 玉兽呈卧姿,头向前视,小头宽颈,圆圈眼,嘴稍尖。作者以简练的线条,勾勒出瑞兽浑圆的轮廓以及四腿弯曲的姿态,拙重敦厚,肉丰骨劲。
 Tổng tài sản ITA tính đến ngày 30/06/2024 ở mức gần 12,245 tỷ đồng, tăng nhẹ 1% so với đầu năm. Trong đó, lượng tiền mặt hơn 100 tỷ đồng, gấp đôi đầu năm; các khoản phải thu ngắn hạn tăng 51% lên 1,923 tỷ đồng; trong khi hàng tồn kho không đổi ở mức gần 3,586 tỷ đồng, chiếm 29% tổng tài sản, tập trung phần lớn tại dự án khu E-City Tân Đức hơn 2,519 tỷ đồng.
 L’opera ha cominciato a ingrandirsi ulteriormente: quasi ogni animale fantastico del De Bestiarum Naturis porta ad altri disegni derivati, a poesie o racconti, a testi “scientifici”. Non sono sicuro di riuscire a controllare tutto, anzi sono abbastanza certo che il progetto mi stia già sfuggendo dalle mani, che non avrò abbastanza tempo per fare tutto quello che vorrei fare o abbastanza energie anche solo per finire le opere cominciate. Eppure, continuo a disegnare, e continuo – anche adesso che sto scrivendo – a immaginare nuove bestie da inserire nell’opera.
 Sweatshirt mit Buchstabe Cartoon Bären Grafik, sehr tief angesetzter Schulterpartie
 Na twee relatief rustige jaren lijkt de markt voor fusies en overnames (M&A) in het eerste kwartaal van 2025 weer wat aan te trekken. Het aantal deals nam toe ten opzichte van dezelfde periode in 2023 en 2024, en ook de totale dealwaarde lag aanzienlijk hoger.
════
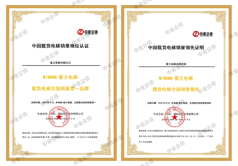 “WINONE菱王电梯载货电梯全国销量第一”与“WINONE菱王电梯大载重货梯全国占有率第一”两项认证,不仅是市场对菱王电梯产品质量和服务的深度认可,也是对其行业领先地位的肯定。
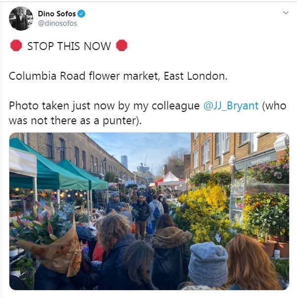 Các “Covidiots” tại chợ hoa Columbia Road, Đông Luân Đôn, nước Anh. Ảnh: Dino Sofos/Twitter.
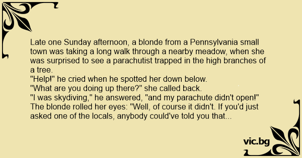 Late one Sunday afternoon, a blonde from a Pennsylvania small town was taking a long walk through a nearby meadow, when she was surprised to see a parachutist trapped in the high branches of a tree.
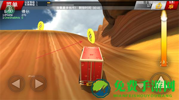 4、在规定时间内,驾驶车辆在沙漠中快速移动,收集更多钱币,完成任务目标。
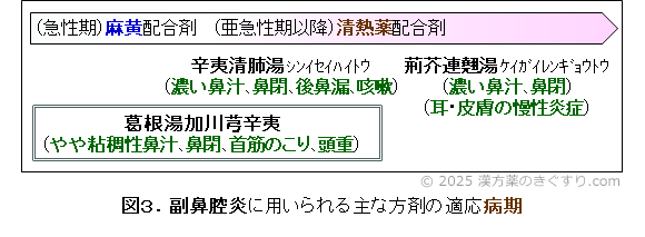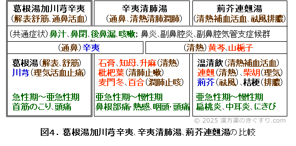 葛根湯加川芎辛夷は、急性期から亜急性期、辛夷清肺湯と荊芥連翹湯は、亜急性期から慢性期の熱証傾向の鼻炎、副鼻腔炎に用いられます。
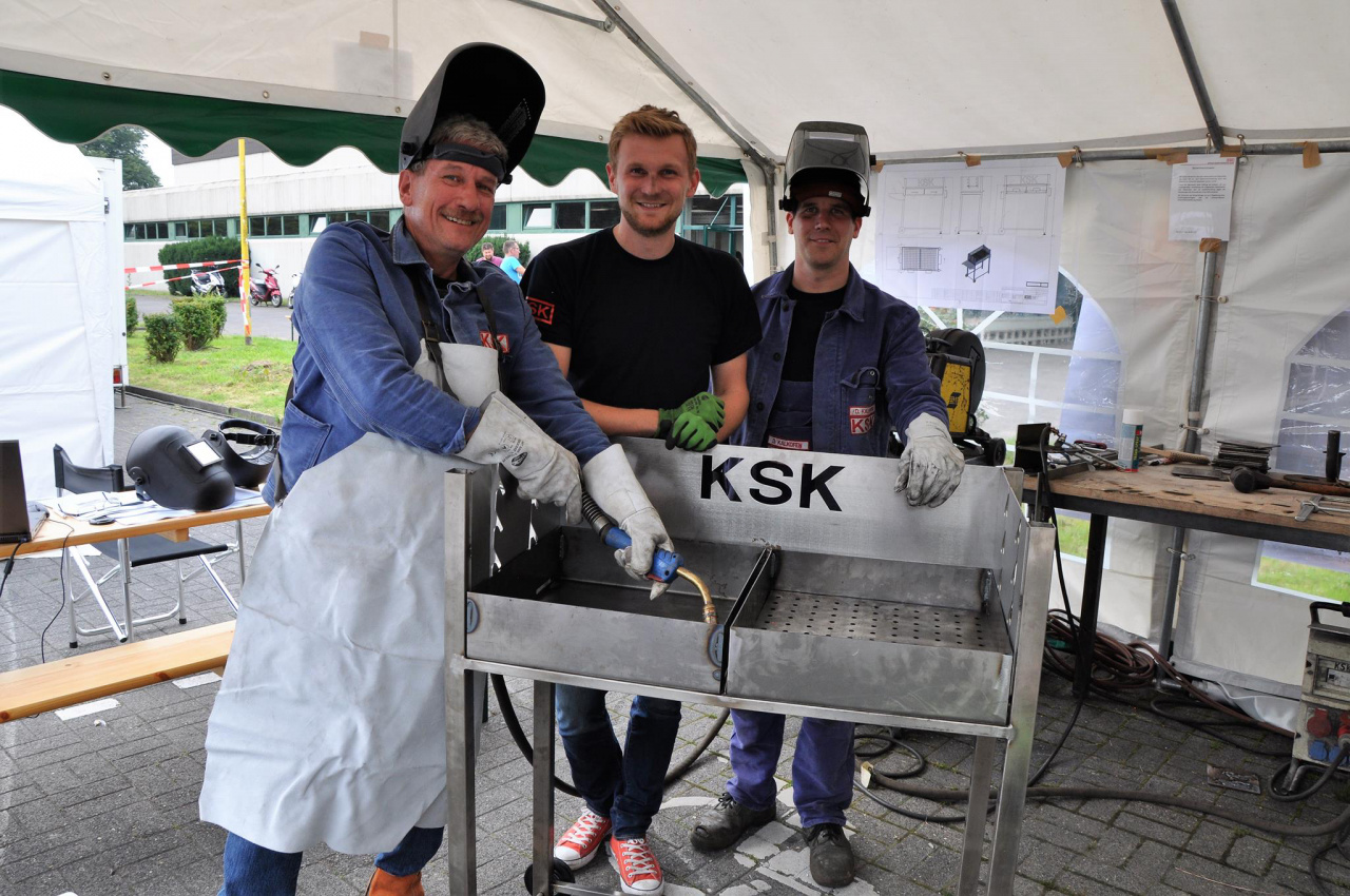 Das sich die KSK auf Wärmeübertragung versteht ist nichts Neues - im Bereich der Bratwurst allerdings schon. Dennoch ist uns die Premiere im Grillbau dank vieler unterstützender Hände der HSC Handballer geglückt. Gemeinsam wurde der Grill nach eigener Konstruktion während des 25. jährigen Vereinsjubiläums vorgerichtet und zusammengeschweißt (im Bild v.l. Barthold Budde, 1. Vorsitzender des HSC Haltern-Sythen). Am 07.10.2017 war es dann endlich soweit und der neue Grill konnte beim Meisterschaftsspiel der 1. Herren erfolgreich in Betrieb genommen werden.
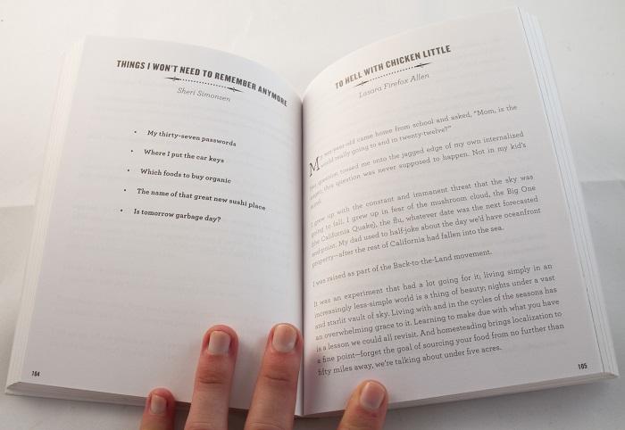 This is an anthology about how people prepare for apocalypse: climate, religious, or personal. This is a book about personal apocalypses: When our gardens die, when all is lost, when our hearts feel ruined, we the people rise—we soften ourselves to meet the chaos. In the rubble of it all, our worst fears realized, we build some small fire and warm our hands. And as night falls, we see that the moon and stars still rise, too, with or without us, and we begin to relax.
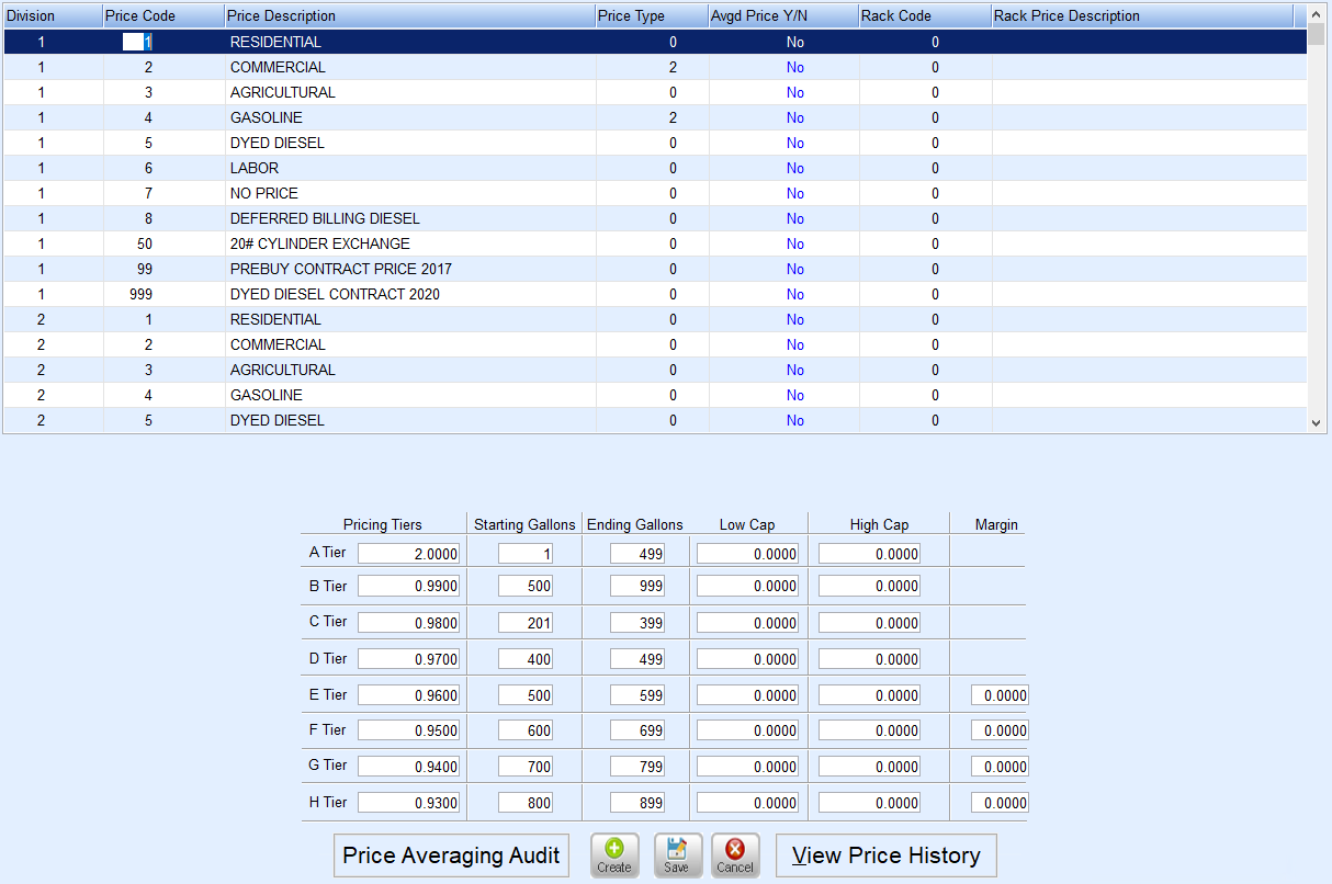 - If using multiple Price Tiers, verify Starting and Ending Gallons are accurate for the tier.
════
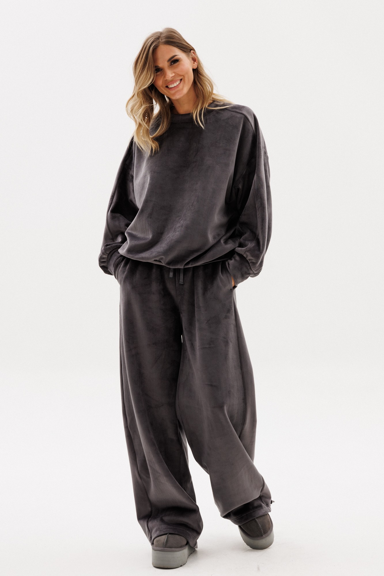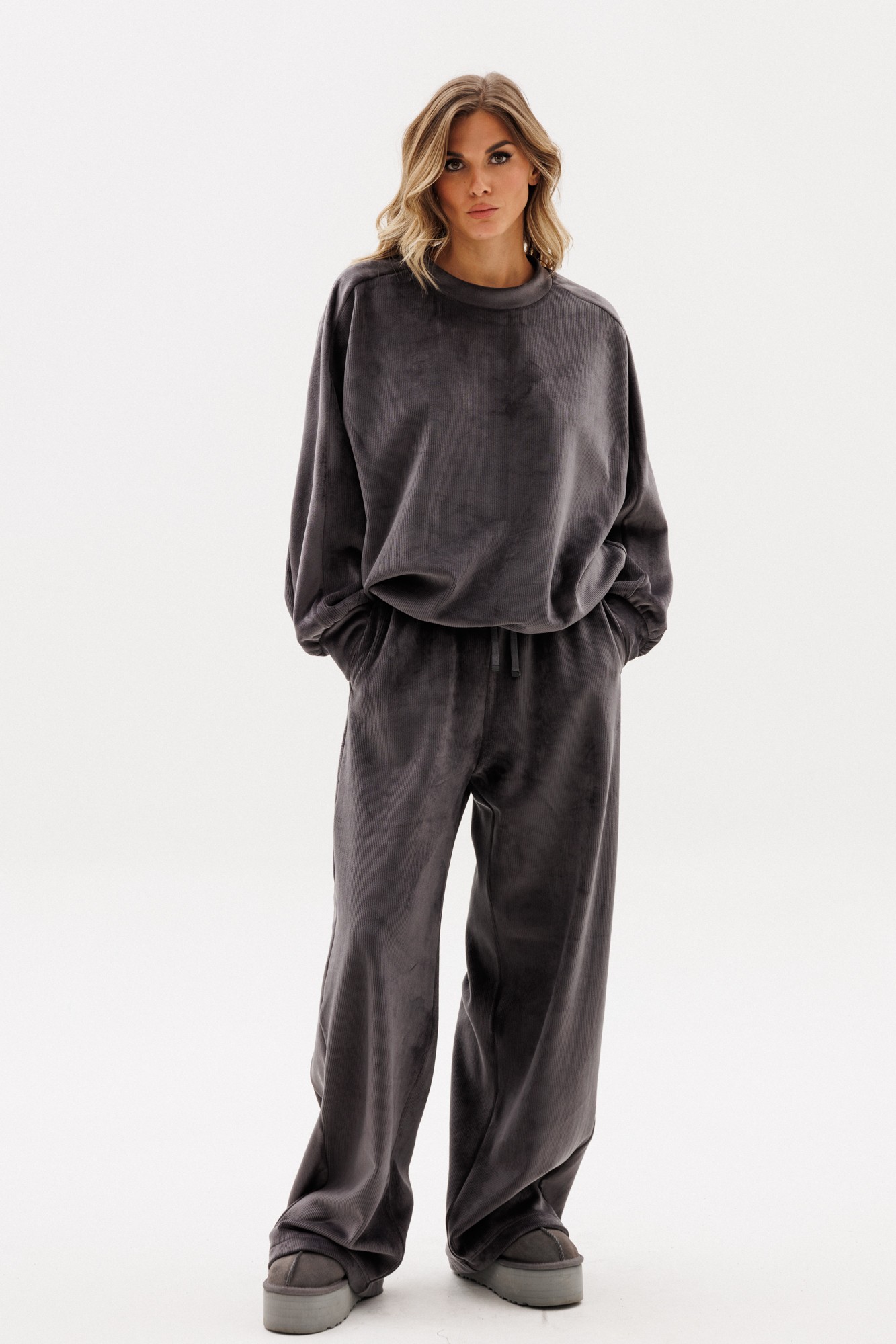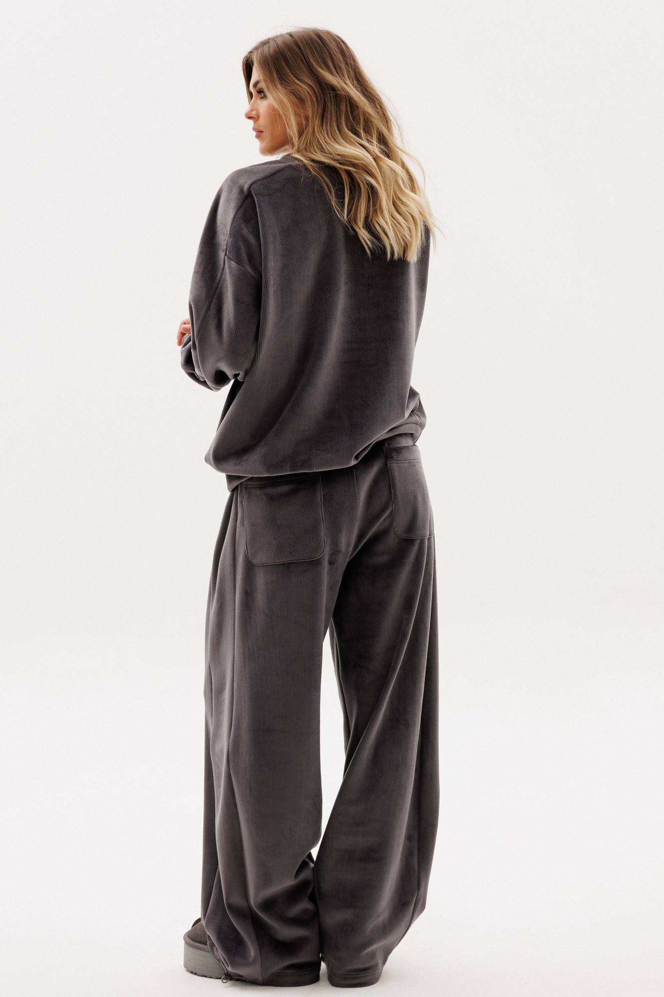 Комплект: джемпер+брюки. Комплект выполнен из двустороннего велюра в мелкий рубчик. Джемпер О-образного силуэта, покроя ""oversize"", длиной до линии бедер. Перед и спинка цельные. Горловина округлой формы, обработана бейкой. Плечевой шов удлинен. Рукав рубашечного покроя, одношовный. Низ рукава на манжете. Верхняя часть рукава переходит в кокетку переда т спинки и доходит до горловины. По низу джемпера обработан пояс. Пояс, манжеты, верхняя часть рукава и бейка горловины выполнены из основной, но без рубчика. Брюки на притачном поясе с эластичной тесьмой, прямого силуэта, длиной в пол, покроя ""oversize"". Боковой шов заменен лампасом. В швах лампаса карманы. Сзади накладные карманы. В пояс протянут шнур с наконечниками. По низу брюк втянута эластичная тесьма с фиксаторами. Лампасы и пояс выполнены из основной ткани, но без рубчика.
════
* Problem statement *
Above are the records. Copy the lines beginning at the one that has "玉兽呈卧姿,头向前视,小头宽" and ending with the one that has "Na twee relatief", unchanged.

* Result of this exercise *
 玉兽呈卧姿,头向前视,小头宽颈,圆圈眼,嘴稍尖。作者以简练的线条,勾勒出瑞兽浑圆的轮廓以及四腿弯曲的姿态,拙重敦厚,肉丰骨劲。
 Tổng tài sản ITA tính đến ngày 30/06/2024 ở mức gần 12,245 tỷ đồng, tăng nhẹ 1% so với đầu năm. Trong đó, lượng tiền mặt hơn 100 tỷ đồng, gấp đôi đầu năm; các khoản phải thu ngắn hạn tăng 51% lên 1,923 tỷ đồng; trong khi hàng tồn kho không đổi ở mức gần 3,586 tỷ đồng, chiếm 29% tổng tài sản, tập trung phần lớn tại dự án khu E-City Tân Đức hơn 2,519 tỷ đồng.
 L’opera ha cominciato a ingrandirsi ulteriormente: quasi ogni animale fantastico del De Bestiarum Naturis porta ad altri disegni derivati, a poesie o racconti, a testi “scientifici”. Non sono sicuro di riuscire a controllare tutto, anzi sono abbastanza certo che il progetto mi stia già sfuggendo dalle mani, che non avrò abbastanza tempo per fare tutto quello che vorrei fare o abbastanza energie anche solo per finire le opere cominciate. Eppure, continuo a disegnare, e continuo – anche adesso che sto scrivendo – a immaginare nuove bestie da inserire nell’opera.
 Sweatshirt mit Buchstabe Cartoon Bären Grafik, sehr tief angesetzter Schulterpartie
 Na twee relatief rustige jaren lijkt de markt voor fusies en overnames (M&A) in het eerste kwartaal van 2025 weer wat aan te trekken. Het aantal deals nam toe ten opzichte van dezelfde periode in 2023 en 2024, en ook de totale dealwaarde lag aanzienlijk hoger.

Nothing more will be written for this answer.